• [Task goal]:
Please repeat, exactly and without pictures, the lines of the entries below that run from the one containing "ポイント: ネイビーは白やベ" through the one containing "为深入贯彻中央关于建设高质量".

(Material supplied Opens)

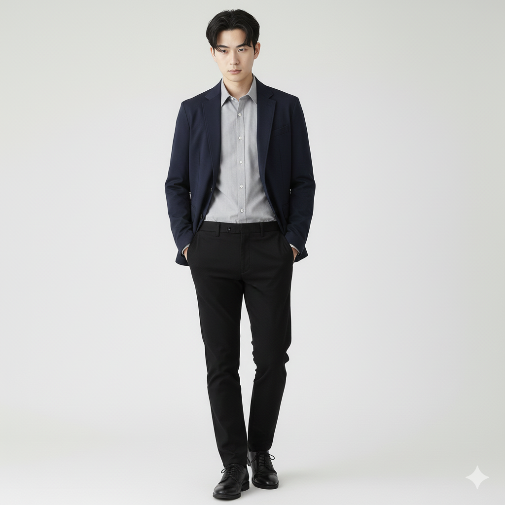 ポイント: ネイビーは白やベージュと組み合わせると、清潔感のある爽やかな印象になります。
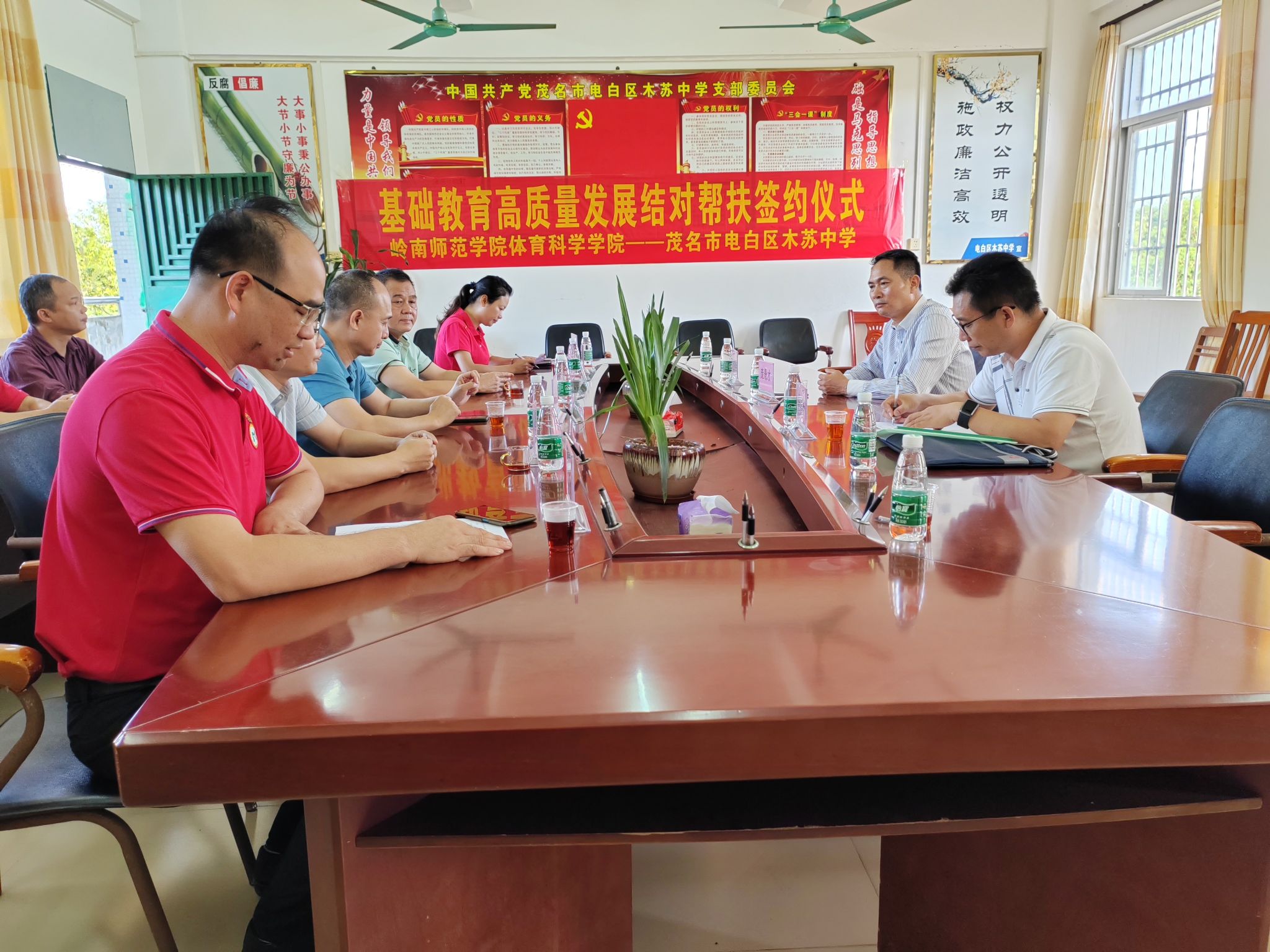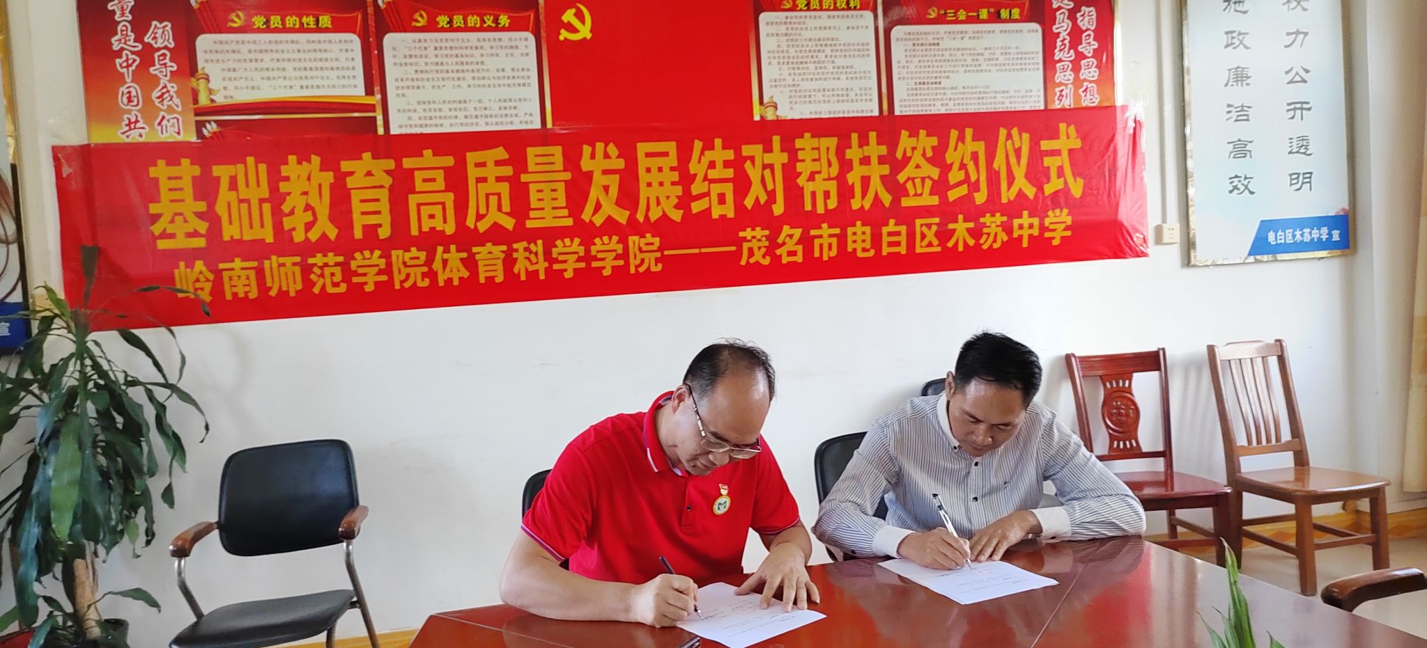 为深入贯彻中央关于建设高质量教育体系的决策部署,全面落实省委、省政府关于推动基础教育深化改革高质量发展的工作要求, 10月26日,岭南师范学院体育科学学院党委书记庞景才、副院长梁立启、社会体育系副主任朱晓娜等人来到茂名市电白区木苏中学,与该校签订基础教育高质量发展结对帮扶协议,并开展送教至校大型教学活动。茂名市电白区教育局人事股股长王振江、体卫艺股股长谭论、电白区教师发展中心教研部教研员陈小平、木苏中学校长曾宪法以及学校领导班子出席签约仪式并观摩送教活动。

(Material supplied Closes)
(Material supplied Opens)

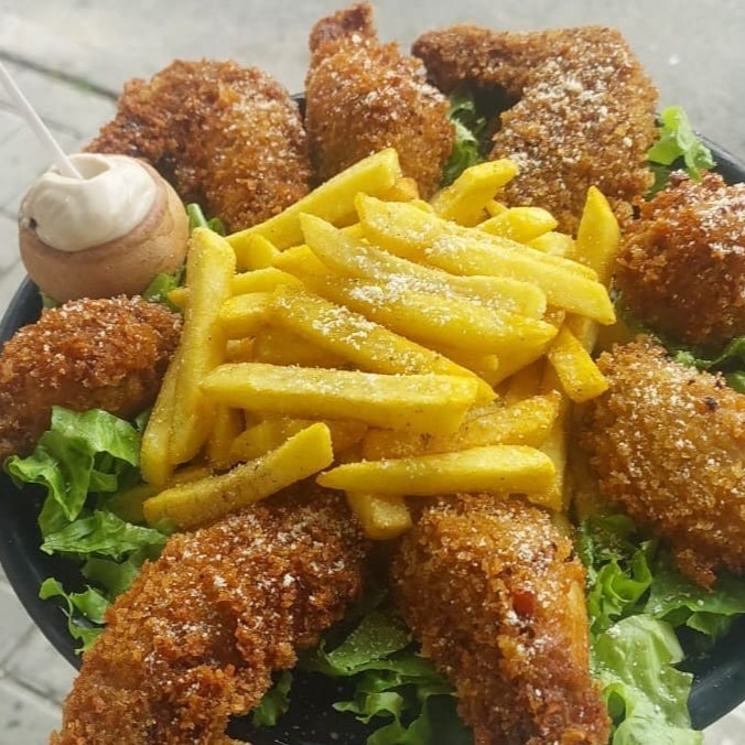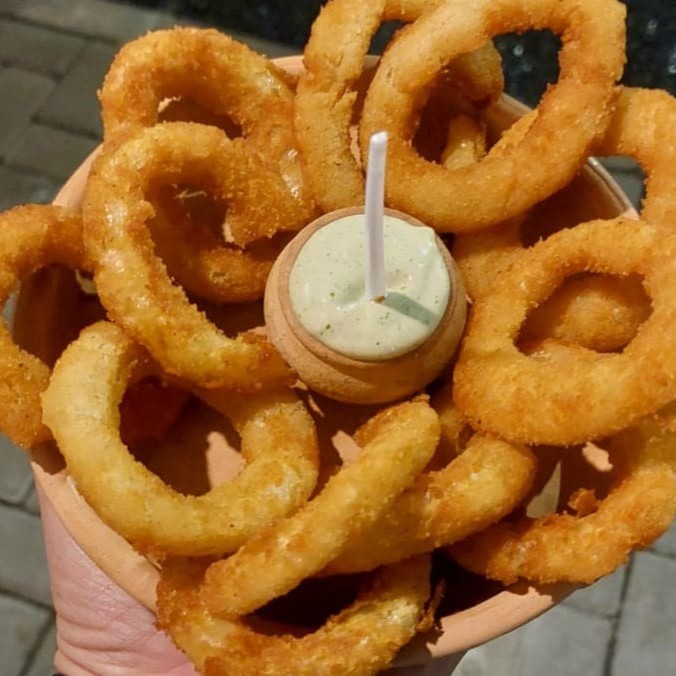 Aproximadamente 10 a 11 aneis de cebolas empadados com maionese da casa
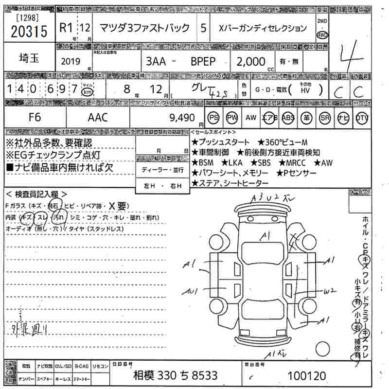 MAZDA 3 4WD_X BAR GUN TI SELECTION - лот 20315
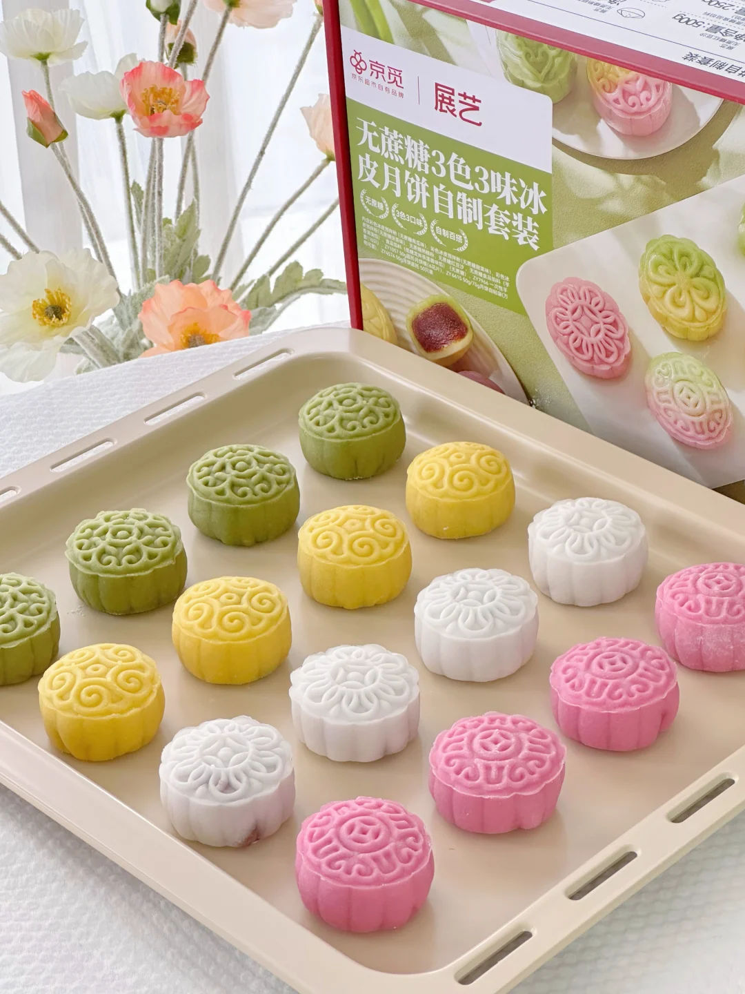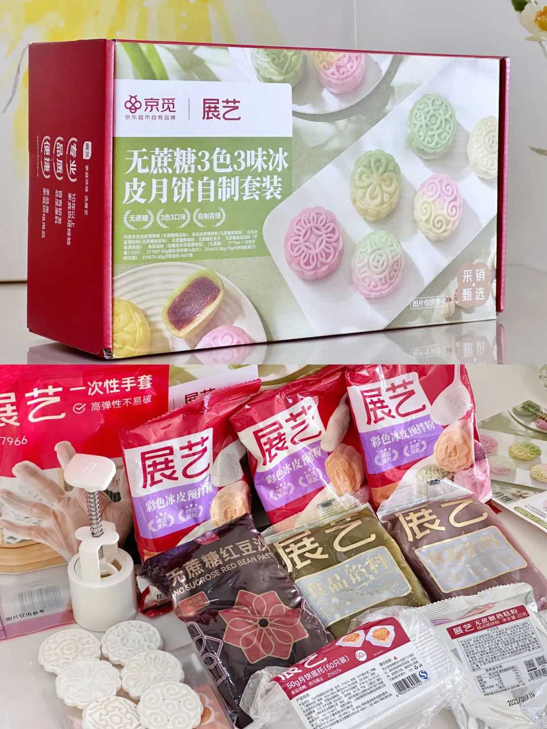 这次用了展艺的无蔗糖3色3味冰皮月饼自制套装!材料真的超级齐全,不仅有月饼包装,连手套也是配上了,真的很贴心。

(Material supplied Closes)

• [Answer section]:
 ポイント: ネイビーは白やベージュと組み合わせると、清潔感のある爽やかな印象になります。
 为深入贯彻中央关于建设高质量教育体系的决策部署,全面落实省委、省政府关于推动基础教育深化改革高质量发展的工作要求, 10月26日,岭南师范学院体育科学学院党委书记庞景才、副院长梁立启、社会体育系副主任朱晓娜等人来到茂名市电白区木苏中学,与该校签订基础教育高质量发展结对帮扶协议,并开展送教至校大型教学活动。茂名市电白区教育局人事股股长王振江、体卫艺股股长谭论、电白区教师发展中心教研部教研员陈小平、木苏中学校长曾宪法以及学校领导班子出席签约仪式并观摩送教活动。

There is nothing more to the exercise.